Senate Majority Leader Mitch McConnell (R-Ky.) stopped short of calling for a vote to expel Roy Moore from the Senate should he win a special election in Alabama next month and suggested a final decision for the party could depend on President Trump.

McConnell said no final decision had been made and it would await further discussions with Trump.

McConnell told reporters that Trump called him from Vietnam last week to discuss what to do about Moore, who faces multiple sexual accusations - including from one women who said they had a sexual encounter when he was 32 and she was 14.

"We had a chance to discuss this issue. I talked to Gen. Kelly about it on Saturday, I talked to the vice president about it yesterday. There's no question there's a deep concern here," McConnell said referring to White House chief of staff John Kelly and Vice President Pence.

McConnell reiterated his call on Moore to withdraw from the race and voiced concern about keeping the seat, currently held by Sen. Luther Strange (R-Ala.), in Republican control.

"We've looked at all the options," he said of his discussions with White House officials and colleagues. "This close to the election it's a very complicated matter.

McConnell says final decision on Moore awaits Trump © Provided by The Hill McConnell says final decision on Moore awaits Trump

"Once the president and his team get back, we'll have further discussions about it," he said.

A day earlier, McConnell told reporters in Louisville, Ky., that he believed the accounts of five women who have accused Moore of predatory behavior and called for the candidate to step aside.

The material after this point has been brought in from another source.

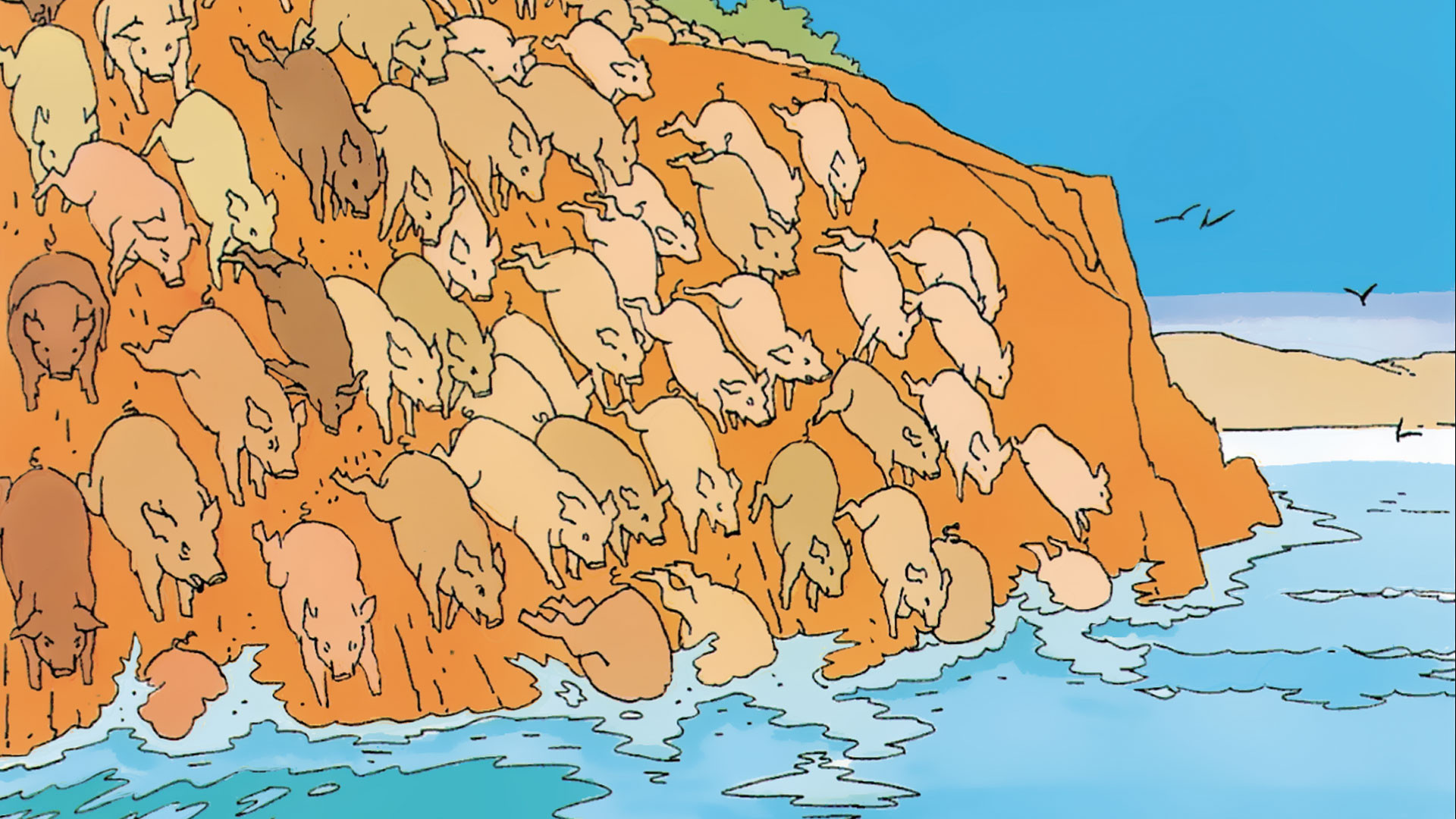 “那里有一大群猪,在山上吃食。鬼央求耶稣,准他们进入猪里去。耶稣准了他们。鬼就从那人出来,进入猪里去。于是那群猪闯下山崖,投在湖里淹死了。放猪的看见这事就逃跑了,去告诉城里和乡下的人。众人出来要看是什么事。到了耶稣那里,看见鬼所离开的那人,坐在耶稣脚前,穿着衣服,心里明白过来,他们就害怕。格拉森四围的人,因为害怕得很,都求耶稣离开他们。”(路加福音8:32–37)

Asked whether he believed women who have made accusations about Trump, McConnell declined to answer and said it was off-topic.

National Republican Senatorial Committee Chairman Cory Gardner (Colo.) on Monday called for Moore to be expelled from the Senate should he defeat Democrat Doug Jones in the Dec. 12 contest.

Gardner said Moore does not "meet the ethical and moral requirements" of the United States Senate.

But McConnell wouldn't go as far as Gardner on Tuesday.

Other Republicans are leery about committing to an expulsion vote before investigating the allegations more carefully.

"Right now we've got to get through the election and see if that's something we even have to deal with," said Sen. Thom Tillis (R-N.C.).

He said that prior to any expulsion vote, "we have to examine the facts as they exist."

"We owe that to the integrity of the process," Tillis said.

GOP lawmakers feel more comfortable calling on Moore to pull out of the race and allow another candidate to run as a write-in.

The latest was Sen. Dean Heller (R-Nev.), who on Tuesday said "Moore should do what is best for the conservatives of Alabama and step aside."

Some Democrats are wondering if Republicans would actually go through with an expulsion vote.

"It would be a remarkable step for Republicans to take," said Sen. Dianne Feinstein (D-Calif.).